Oatmeal is a very nutritious food that can be an excellent ally to increase muscle mass. It is a good source of carbohydrates, which provide energy for workouts; protein, which helps repair and build muscle; and fiber, which helps you feel full and satisfied.
Different nutrition experts say that its properties are valuable, but not all preparations bring the same benefits, so here we tell you the best way to consume oatmeal to increase muscle mass.

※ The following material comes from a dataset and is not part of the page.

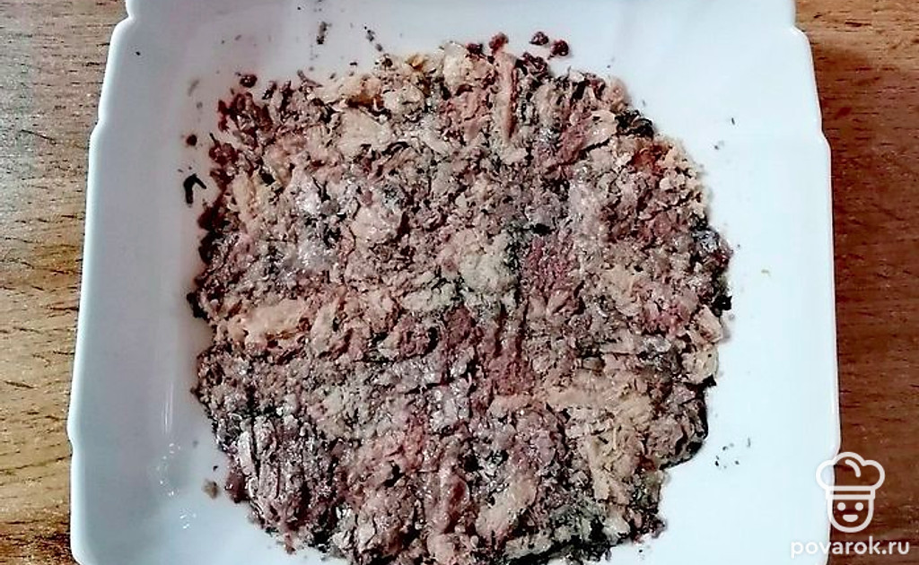 С рыбных консервов слейте жидкость. В салатницу переложите рыбу и разомните ее вилкой.

The Argentine nutritionist Gabriela Gottau, commented in an article she wrote in Vitónica, that when choosing the oat options available in the market to consume, you should opt for the most natural one.
“A granola with oats, nuts and other ingredients can be a source of free sugars in appreciable amounts and thus hinder our attempts to gain muscle without getting fat,” he commented.
How should oats be consumed to increase muscle mass? #
The specialist recommends oat flakes or oatmeal, but without additives.
“Oatmeal can offer quality carbohydrates, vegetable proteins and a minimum of unsaturated fats that favor hypertrophy, as well as vitamins and minerals that contribute to the proper functioning of the neuromuscular system and can therefore be useful.
However, since the goal is to gain muscle, Gabriela Gottau recommended other sources of quality nutrients that stimulate the synthesis of new muscle proteins.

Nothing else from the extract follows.